Mayanja reasoned that mechanizing the cleaning process would greatly increase the efficiency of grain cleaning, and, with support from ISU-UP and Makerere University Department of Agricultural and Biosystems Engineering, he created his first pedal operated maize cleaner. The cleaner is run by a single operator pedaling a bike-like mechanism that turns a double-screened barrel, which traps impurities like leaves and cobs, and lets the cleaned grain fall to the tarp below. Mayanja’s initial design was powered by an engine, but Tom Brumm, CSRL associate director and Mayanja’s supervisor, encouraged him to consider using a powering mechanism that is less expensive and more feasible for farmers in Kamuli.
According to Rebecca Babirye, the coordinator of postharvest and school feeding program activities at St. Joseph’s Primary School in Naluwoli, previous hand-cleaning methods produced about 200 kg/hr/person, with an efficiency rate of only 50%. Thanks to Mayanja’s invention, one person is now able to clean 900 kg/hr, at over 85% efficiency.
Mayanja continues to refine his original maize cleaner, developing a pedal-operated seed cleaner that can be adjusted to clean groundnuts and beans.
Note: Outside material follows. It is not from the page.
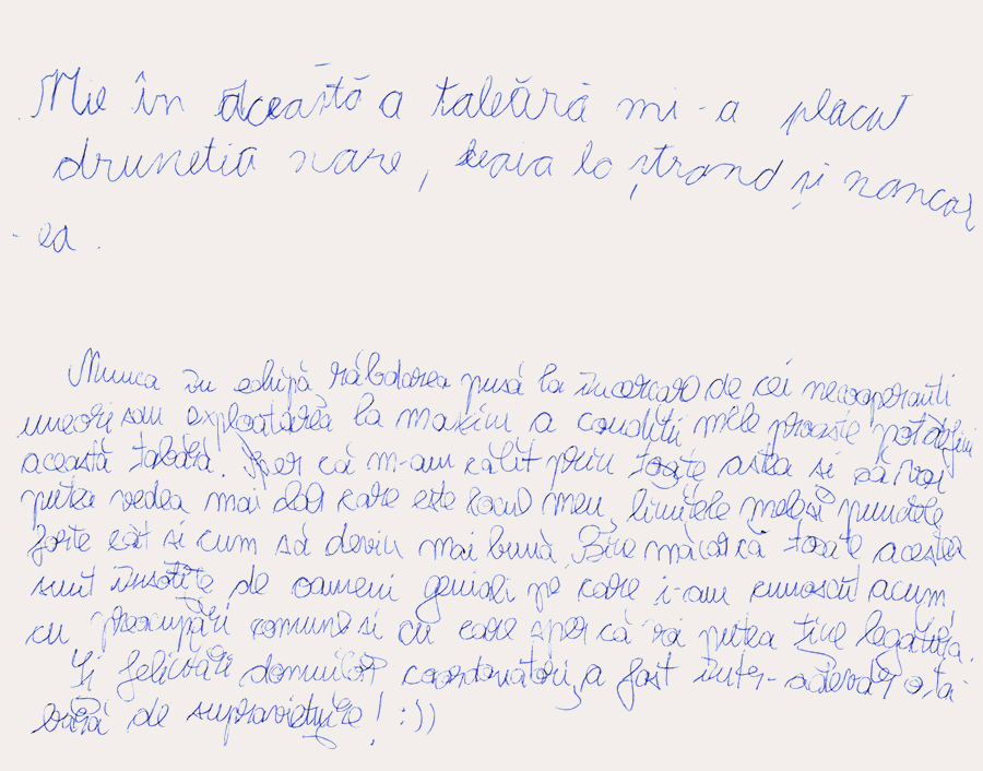 - Amintiri de neuitat: Copilul dumneavoastră se va întoarce acasă cu o mulțime de povești captivante, noi prietenii și amintiri care îi vor îmbogăți copilăria și îl vor pregăti pentru viitor.

He received a Makerere University Research and Innovations Grant, and he and several authors, including Brumm, published an article about his invention in the Journal of Advances in Food Science and Technology. Mayanja also received one of five 2019 Maize Youth Innovators Awards – Africa awarded by the CGIAR Research Program on Maize. Perhaps the greatest reward, though, is knowing how his invention has made a difference in the lives of people in the community.
“My greatest measure of success and happiness is the adoption of the cleaner at ISU-UP schools of operation because this is where the problem was first noticed,” Mayanja said. “Time that was used to clean seeds is now allotted to other productive ventures such as class, farming or even playing time.”